Google BigQuery

Last updated on Sep 03, 2024

Starting Release 2.20, Hevo has stopped supporting the streaming inserts feature in Google BigQuery Destinations. As a result, you will not be able to configure a new Google BigQuery Destination with streaming inserts enabled. Any existing Destinations created with this feature will continue to load data in near real-time. Additionally, you can create new Pipelines to load data to your existing Destination.

Google BigQuery is a fully-managed, serverless data warehouse that supports Structured Query Language (SQL) to derive meaningful insights from the data. With Hevo Pipelines, you can ingest data from any Source system and load it to a Google BigQuery Destination.

Hevo Pipelines stage the Source data in Google Cloud Storage (GCS) buckets before loading it to your BigQuery Destination. Hevo can transfer data to the GCS buckets only if they are in the same location as the dataset, except when the datasets are in the US multi-region. Read Location considerations for further details about the requirements to transfer data from GCS buckets to BigQuery tables. Buckets are basic units of storage in GCS, and they hold your data until the time Hevo loads it into your BigQuery tables.

Note: For a select range of Sources, Hevo provides a pre-configured and fully managed Google BigQuery data warehouse Destination. Read Hevo Managed Google BigQuery.

Roles and permissions

Hevo requires that the following predefined roles are assigned to the connecting Google account for the configured GCP project, to enable Hevo to read and write data from and to BigQuery and the GCS buckets.

Roles Description
BigQuery  
BigQuery Data Editor Grants Hevo permission to:

- Create new datasets in the project.

- Read a dataset’s metadata and list the tables in the dataset.

- Create, update, get, and delete tables and views from a dataset.

- Read and update data and metadata for the tables and views in a dataset.
BigQuery Job User Grants Hevo permission to perform actions such as loading data, exporting data, copying data, and querying data in a project.
Google Cloud Storage  
Storage Admin Grants Hevo permission to list, create, view, and delete:

- Objects in GCS buckets.

- GCS buckets.

If you do not want to assign the Storage Admin role, you can create a custom role at the project or organization level, add the following permissions, and assign this role to the connecting Google account, to grant Hevo access to GCS resources:

  • resourcemanager.projects.get

  • storage.buckets.create

  • storage.buckets.delete

  • storage.buckets.get

  • storage.buckets.list

  • storage.buckets.update

  • storage.multipartUploads.abort

  • storage.multipartUploads.create

  • storage.multipartUploads.list

  • storage.multipartUploads.listParts

  • storage.objects.create

  • storage.objects.delete

  • storage.objects.get

  • storage.objects.list

  • storage.objects.update

Note: Hevo uses its GCS bucket if the connecting Google account is not assigned the Storage Admin role or a custom role.

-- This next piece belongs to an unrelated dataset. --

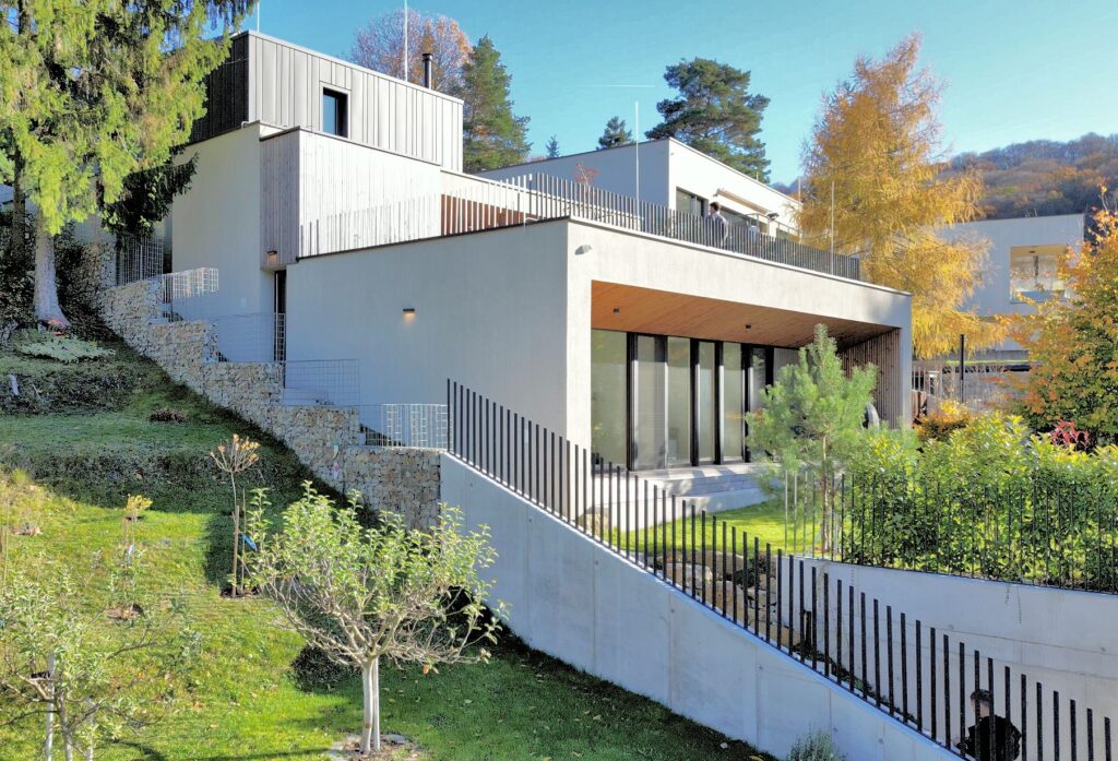 Rodinný dom na kaskáde CLT 24 v prudkom svahu Bratislavy bol náročnou výzvou. Kaskádový koncept domu bol v tomto prípade logickým riešením. Z vrchnej prístupovej komunikácie dom takmer nevidieť. Jeho kompaktná dvoj-garáž s kulisou zelených striech pôsobí nenápadne a príjemne. Naopak spodná typologicky poddimenzovaná príjazdová komunikácia obsahuje rozsiahle parkovacie plochy pod zelenou strechou, ktorá je zároveň pokračovaním záhrady. Denná časť domu s rozsiahlou terasou a zelenou strechou sa nachádza na strednom podlaží. Práve panoráma a ideálna poloha vstupu do domu zadefinovali polohu obytnej dennej časti. Nočná časť je umiestnená na najnižšom podlaží, ústiac terasou do záhrady. Celý koncept hmotovo-priestorového riešenia sa snažil minimalizovať potrebu oporných múrov na hranici pozemku, a zachovať tak charakteristiku susediacich pozemkov. Obytná hala s prevýšeným stropom a líniovým strešným svetlíkom poskytuje nádhernú hru svetla a tieňa ako aj príjemný pocit vzdušnosti. Konštrukčné riešenie je zaujímavou kombináciou CLT systému nadzemných častí a železobetónu v zakopaných častiach domu.

Google account authentication

You can connect to your BigQuery Destination with a user account (OAuth) or a service account. One service account can be mapped to your entire team. You must provide the required roles to both types of accounts for accessing GCP-hosted services such as BigQuery and the GCS buckets. Read Authentication for GCP-hosted Services to know how to assign these roles to your user account and service account.

The following image illustrates the key steps that you need to complete to configure Google BigQuery as a Destination in Hevo:

BigQuery Destination Setup


Handling Source Data with Different Data Types

For teams created in or after Hevo Release 1.56, Hevo automatically modifies the data type of Google BigQuery table columns to accommodate Source data with different data types. Data type promotion is performed on tables whose size is less than 50 GB. Read Handling Different Data Types in Source Data.

Note: Your Hevo release version is mentioned at the bottom of the Navigation Bar.


Handling JSON Fields

Read Parsing Nested JSON Fields in Events to know how Hevo parses the JSON data and makes it available at the Destination. Because BigQuery has built-in support for nested and repeated columns, JSON data is neither split nor compressed, but based on the Source type, arrays may be collapsed into JSON strings or passed as-is to the Destination. Read JSON functions in Standard SQL to know about parsing JSON strings back to arrays.

The fields of a JSON object are shown as a struct (for RECORD) or an array (mode: REPEATED) in the Schema Mapper. The nested fields are not editable.


Modifying BigQuery Destination Configuration

You can modify some of the settings post creation of the BigQuery Destination. However, changing any configuration would affect all the Pipelines that are using this Destination. Refer to section, Potential Impacts of Modifying the Configuration Settings to know the impacts.

To modify the BigQuery Destination configuration:

  1. Navigate to the Destination Detailed View.

  2. Do one of the following:

    • Click the Settings icon next to the Destination name and then, click the Edit icon.

      Modify BQ settings

    • Click the kebab menu on the right and click Edit.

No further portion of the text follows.